Daniel Craig retorna quando Benoit Blanc e Josh O’Connor quase roubam o show na parcela “mais sombria”, mas também “mais divertida” da franquia das facas até agora.
Alguém pode roubar um filme de facas do grande detetive Benoit Blanc? Como se vê, sim, quase. A maior revelação de Wake Up Dead, a terceira na série de Rian Johnson de mistérios deliciosamente divertidos, é que Josh O’Connor, tão ótimo em drama, também é uma excelente história em quadrinhos. Ele interpreta o padre Jud Dupenticy, um ex -boxeador que se tornou padre, que como punição por uma explosão violenta é enviado do norte do estado de Nova York para uma pequena paróquia na vila de Chimney Rock. É um cenário que parece ter sido transportado de uma adaptação de tela de um romance de Agatha Christie, com uma pequena igreja neogótica e cemitério adjacente. É exatamente o tipo de lugar onde muitos assassinatos ocorrem. Mas, em vez de conhecer algum vigário gentil, Jud vai trabalhar para o monsenhor Jefferson Wicks, interpretado por Josh Brolin como um cínico de cabelos selvagens e ardente.
Com sua atmosfera gótica e temas mais profundos, Wake Up Dead Man tem um tom mais sombrio do que as facas anteriores. No entanto, também é o mais engraçado e divertido até agora. Juntamente com o (s) assassinato (s) habitual (s) e um grande elenco brilhante, ele tem religião e um toque de meta em suas alusões literárias e referências de filmes. Johnson reconheceu querer voltar às raízes das histórias de mistério com esse edifício, citando Edgar Allan Poe, por isso é bom ter em mente os temas de homens de Poe assombrados pela culpa e de enterros assustadores. Mas com mais garantia do que nunca, ele caminha uma linha perfeitamente equilibrada enquanto empresta tropos antigos e os adapta. Há muito diálogo irreverente aqui e grafite rude em um mausoléu.
Não é justo dizer que O’Connor rouba o filme de Blanc de Daniel Craig. Craig é um ladrão de cena. Blanc aparece para resolver um assassinato em Chimney Rock com seu sotaque sulista e arrogância confiante, parecendo mais elegante do que nunca. Mas parece que, com cada filme de facas, ele tem menos cenas e, às vezes, é como um condutor de orquestra nos tecendo através dos vários personagens e possibilidades no enredo sempre torcido. Blanc até pede a ajuda de Jud na solução do assassinato. Não há dúvida de que o padre Jud é a linha interna do filme, e O’Connor desce graciosamente de quadrinhos a sério.

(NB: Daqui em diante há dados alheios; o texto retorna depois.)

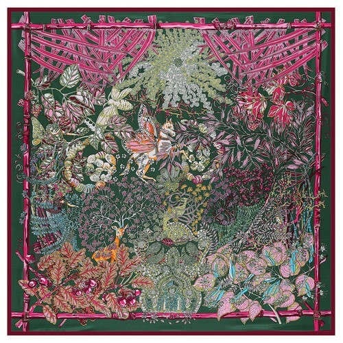 Forest and Animals Artistic Design High Fashion 130*130 cm Artificial Silk Square Women Scarf – Green
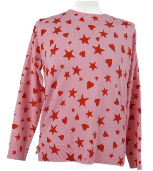 Dámský růžovo-červený srdíčkovaný svetr s hvězdami M&S
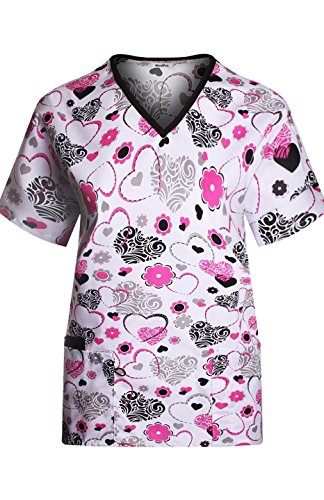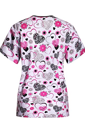 MedPro Women's Medical Scrub Set V-Neck Print Top and Cargo Pants White Pink Hearts M
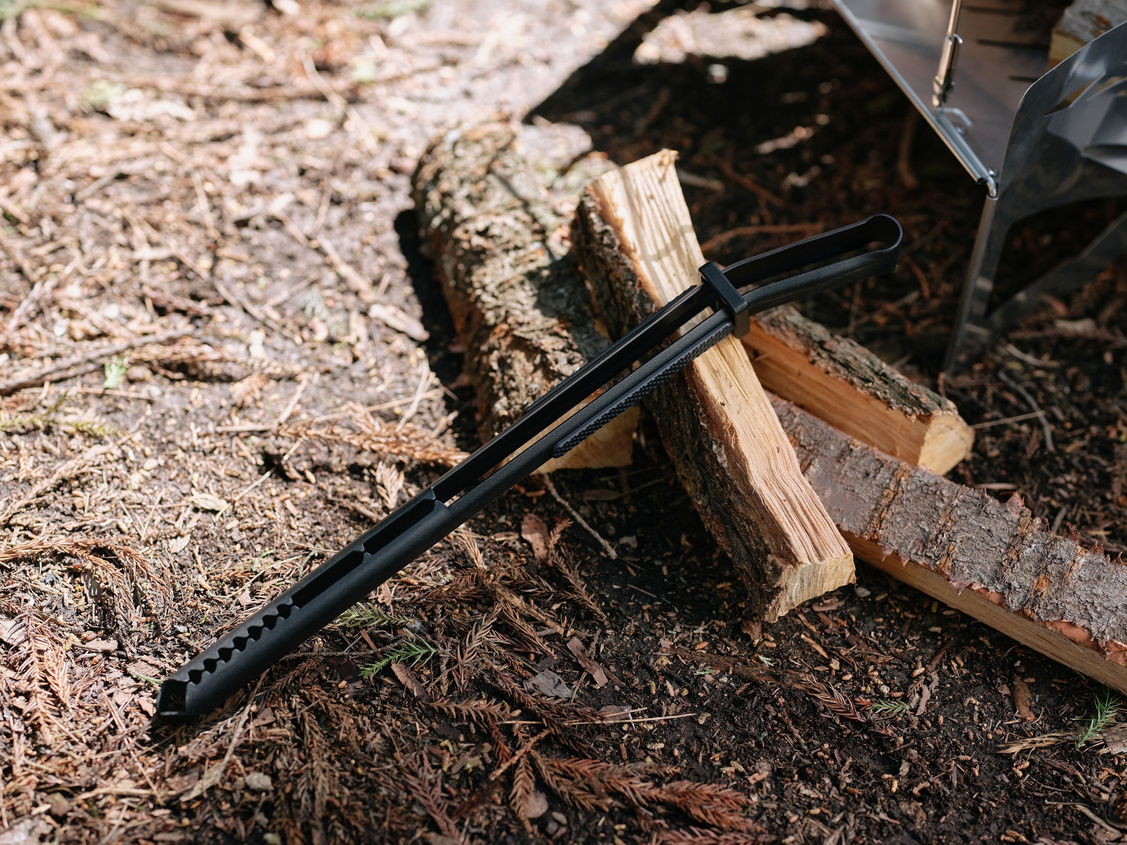 焚き火における薪の操作性と安全性を高めるために設計された火バサミ。

Johnson começa brincando com o ponto de vista. Recebemos a conta de Jud, solicitada por Blanc, dos eventos que levam ao que Jud chama de assassinato de sexta -feira. Usando um dispositivo que ele reconhece ser emprestado de romances de mistério, ele apresenta Blanc e nós aos congregantes, a maioria deles com uma devoção cultica aos Wicks.